3.4 Genome-wide - 1000G imputed - G0 partners (gi_1000g_g0p)
3.4.1 Description
This dataset contains genome-wide array data imputed to the 1000 genomes reference panel for G0 partners, with some additional G0 mothers and G1 individuals. This data has been cleaned, flipped to the positive strand and in b37 coordinates and imputed to the 1000 genomes phase I version 3. Reference genome build: GRCh37
3.4.2 Methodology
3,453 ALSPAC mother and fathers and 535,478 SNPs were genotyped using the Illumina HumanCoreExome chip genotyping platforms by the ALSPAC lab and called using GenomeStudio. The resulting raw genome-wide data were subjected to standard quality control methods using PLINK (v1.07). Individuals were excluded on the basis of gender mismatches (n = 80); minimal or excessive heterozygosity (n = 64); disproportionate levels of individual missingness (>5%, n = 60) and possible contamination (n = 3).
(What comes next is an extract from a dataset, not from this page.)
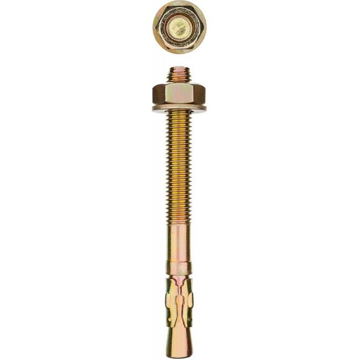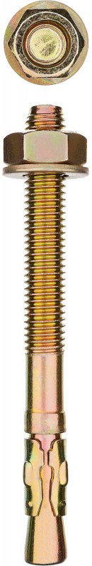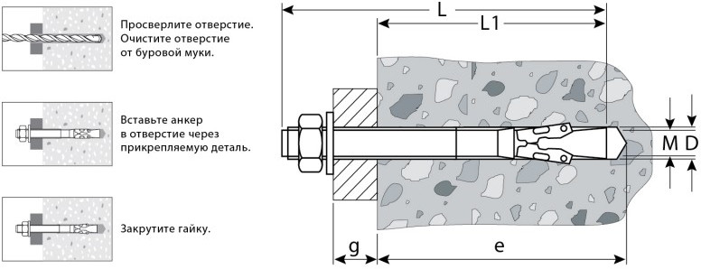 Для монтажа конструкций к полнотелым основаниям: поверхностям из бетона, полнотелого кирпича или природного камня. Анкер устанавливается в предварительно просверленное и очищенное от буровой муки отверстие и расклинивается при закручивании гайки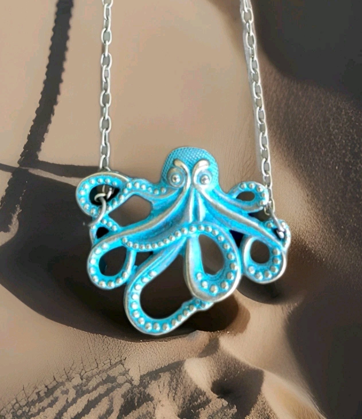 NEXT DAY SHIPPING Product Details Material : Metal Chain, Pendant Design : Kraken Octopus Sea Monster Pendant Colors : Blue & Green (Sea-inspired design) Style : Fantasy, Nautical, Ocean-Inspired Perfect For : Fantasy Fans, Ocean Lovers, Unique Jewelry Enthusiasts Condition : New This Kraken Octopus Necklace features a striking blue and green sea monster pendant , making it the perfect statement piece for those who love fantasy , ocean-inspired designs , or unique jewelry. The kraken octopus pendant evokes the mystery and allure of the deep sea, while the vibrant blue and green colors give it a magical touch. Whether for daily wear or special occasions, this necklace is sure to be a conversation starter. Perfect for fantasy fans , aquatic-themed jewelry , or a unique gift .

Population stratification was assessed by multidimensional scaling analysis and compared with 1000 Genomes phase 3 data and principal component analysis (n = 266); all individuals with non-European ancestry were removed.
Cryptic relatedness was measured as SNP relatedness in GCTA (relatedness > 0.1, n = 69 removed). SNPs with a call rate of < 95% or evidence for violations of Hardy-Weinberg equilibrium (P < 1E-7) and those which failed GenomeStudio quality control measures were removed (n = 21,298). 6,594 duplicate SNPs were also removed.
This resulted in 2,911 unrelated mothers and father genotypes at 507,586 SNPs. We then identified 2217 samples where aln assigned historically by the lab matched genetically assigned aln.
We phased data of 3074 samples that passed qc but contained related subjects in shapeit v2.r837. We then removed 155,336 monomorphic SNPs, 1033 markers not in 1000 genomes, 11,842 A/T or G/C SNPs and 10 duplicate sites to give 337,732 SNPs on chromosomes 1-23. Of the 329,363 markers on chromosomes 1-22, 298,742 overlapped the reference genome. We imputed to the 1000 genomes phase 1 version 3 using the Michigan Imputation Server. We then identified 2217 samples where aln assigned historically by the lab matched genetically assigned aln. We then removed 12 subjects who have withdrawn consent and 6 subjects genotyped in an earlier work package to give 2201 subjects.
1737 putative G0 partner-G1 pairs for whom both G0 partner and G1 have called genotype data available were identified based on ALN. Given the G0 partners were invited by the G0 mother to take part and only enrolled in the study in their own right several years later, it could not be assumed that all G0 partners were biologically related to G1. Called genotype data for the 1720 unique G0 partners and 1737 unique G1s were merged (i.e. there were 17 pairs of siblings/twins among the G1 offspring), using plink v1.90b7.2 64-bit (11 Dec 2023).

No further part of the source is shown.